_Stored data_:
▬▬▬
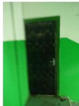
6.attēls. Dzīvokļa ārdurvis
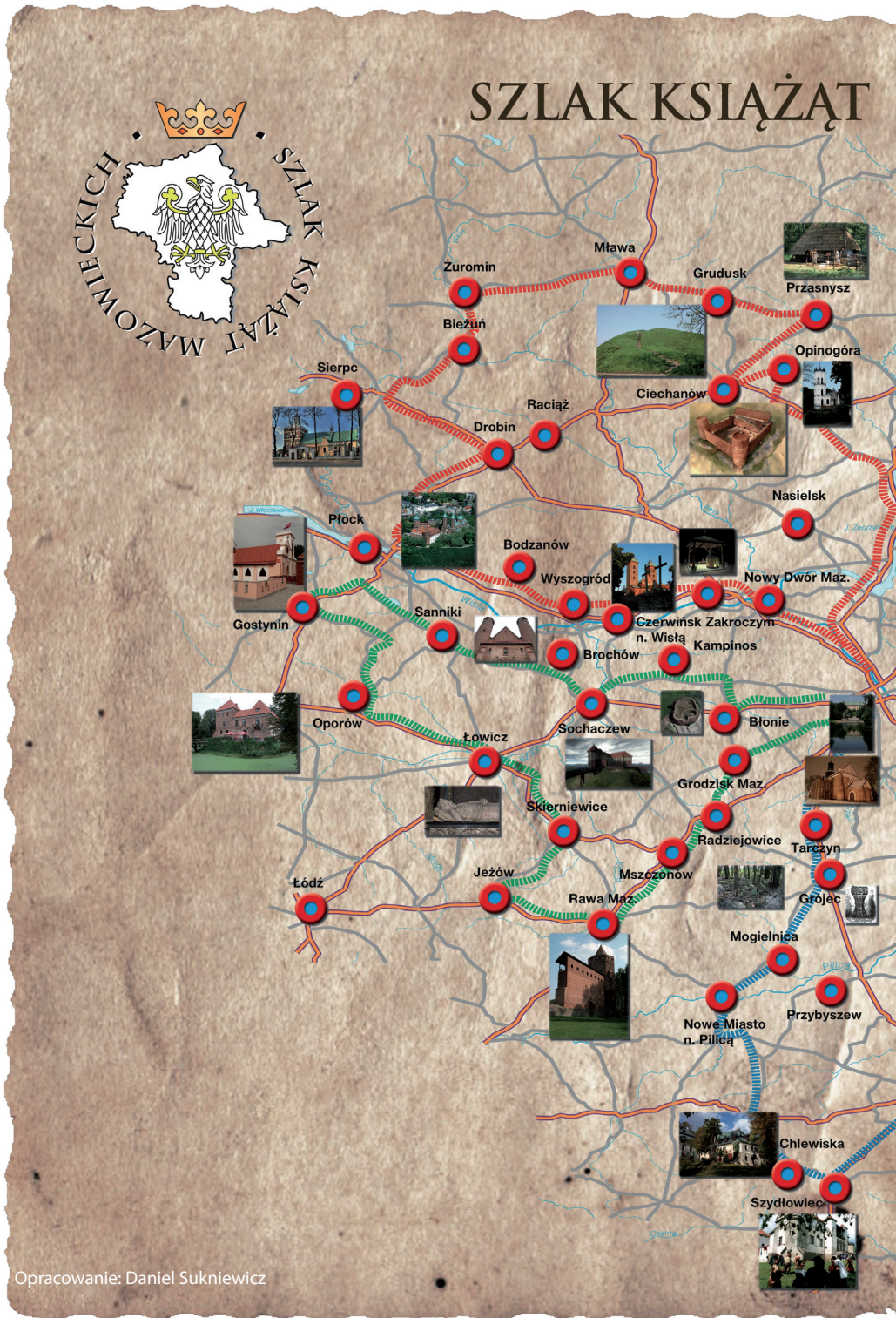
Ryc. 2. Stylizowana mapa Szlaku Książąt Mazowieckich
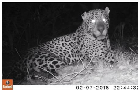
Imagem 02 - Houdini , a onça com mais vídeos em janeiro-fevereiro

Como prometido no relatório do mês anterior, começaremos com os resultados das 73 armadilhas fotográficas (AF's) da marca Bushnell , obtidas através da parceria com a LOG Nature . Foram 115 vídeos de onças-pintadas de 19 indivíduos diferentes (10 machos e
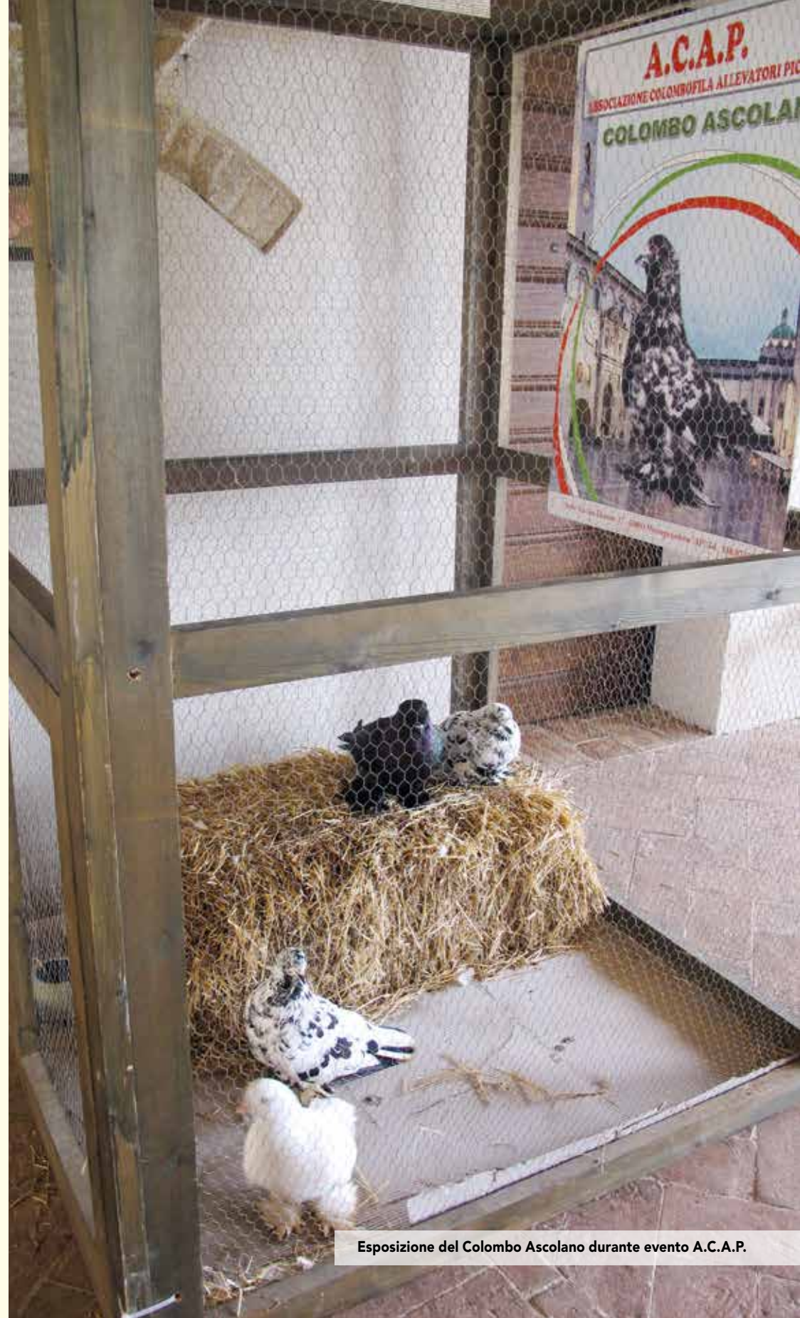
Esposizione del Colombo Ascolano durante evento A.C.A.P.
▬▬▬
_TASK STATEMENT_: With all pictures removed, reproduce the lines from the top of the entries above through the line containing "Imagem 02 - Houdini", exactly as written.

_ANSWER FOR THIS EXERCISE_:
6.attēls. Dzīvokļa ārdurvis
Ryc. 2. Stylizowana mapa Szlaku Książąt Mazowieckich
Imagem 02 - Houdini , a onça com mais vídeos em janeiro-fevereiro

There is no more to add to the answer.